◆ Task instructions
Everything in the listing below except the pictures should be reproduced exactly.

◆ Collected material
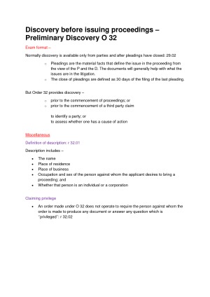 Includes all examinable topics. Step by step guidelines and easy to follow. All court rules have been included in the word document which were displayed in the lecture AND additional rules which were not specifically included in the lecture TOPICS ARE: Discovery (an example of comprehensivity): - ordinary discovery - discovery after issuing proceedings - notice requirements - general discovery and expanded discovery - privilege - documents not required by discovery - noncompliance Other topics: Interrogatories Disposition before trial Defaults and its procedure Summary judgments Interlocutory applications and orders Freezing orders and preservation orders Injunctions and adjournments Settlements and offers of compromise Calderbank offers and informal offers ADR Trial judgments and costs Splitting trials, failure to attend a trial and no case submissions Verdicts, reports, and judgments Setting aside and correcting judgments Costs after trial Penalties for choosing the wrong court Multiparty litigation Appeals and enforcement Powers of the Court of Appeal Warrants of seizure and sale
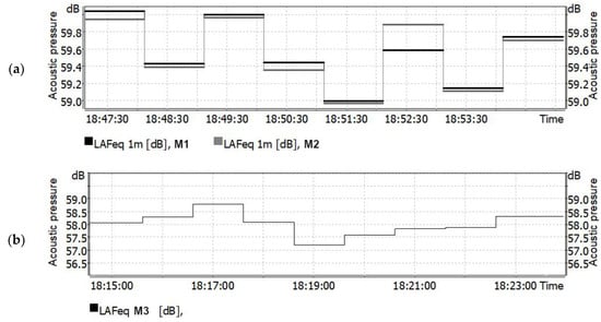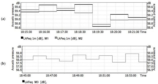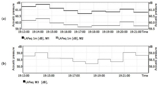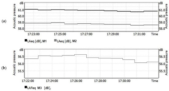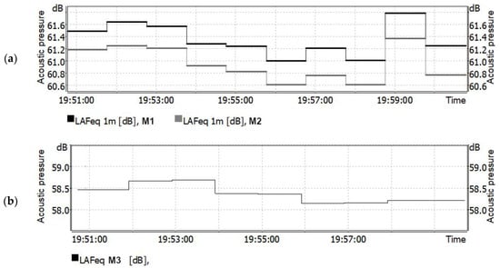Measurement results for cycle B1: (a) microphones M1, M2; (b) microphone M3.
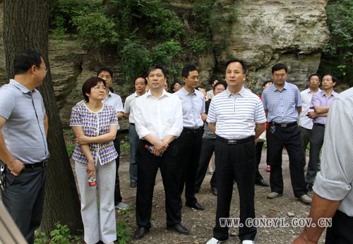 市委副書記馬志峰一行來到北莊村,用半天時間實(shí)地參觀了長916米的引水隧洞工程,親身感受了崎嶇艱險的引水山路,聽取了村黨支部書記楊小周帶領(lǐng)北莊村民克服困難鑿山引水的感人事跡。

◆ Exercise response
 Includes all examinable topics. Step by step guidelines and easy to follow. All court rules have been included in the word document which were displayed in the lecture AND additional rules which were not specifically included in the lecture TOPICS ARE: Discovery (an example of comprehensivity): - ordinary discovery - discovery after issuing proceedings - notice requirements - general discovery and expanded discovery - privilege - documents not required by discovery - noncompliance Other topics: Interrogatories Disposition before trial Defaults and its procedure Summary judgments Interlocutory applications and orders Freezing orders and preservation orders Injunctions and adjournments Settlements and offers of compromise Calderbank offers and informal offers ADR Trial judgments and costs Splitting trials, failure to attend a trial and no case submissions Verdicts, reports, and judgments Setting aside and correcting judgments Costs after trial Penalties for choosing the wrong court Multiparty litigation Appeals and enforcement Powers of the Court of Appeal Warrants of seizure and sale
Measurement results for cycle B1: (a) microphones M1, M2; (b) microphone M3.
 市委副書記馬志峰一行來到北莊村,用半天時間實(shí)地參觀了長916米的引水隧洞工程,親身感受了崎嶇艱險的引水山路,聽取了村黨支部書記楊小周帶領(lǐng)北莊村民克服困難鑿山引水的感人事跡。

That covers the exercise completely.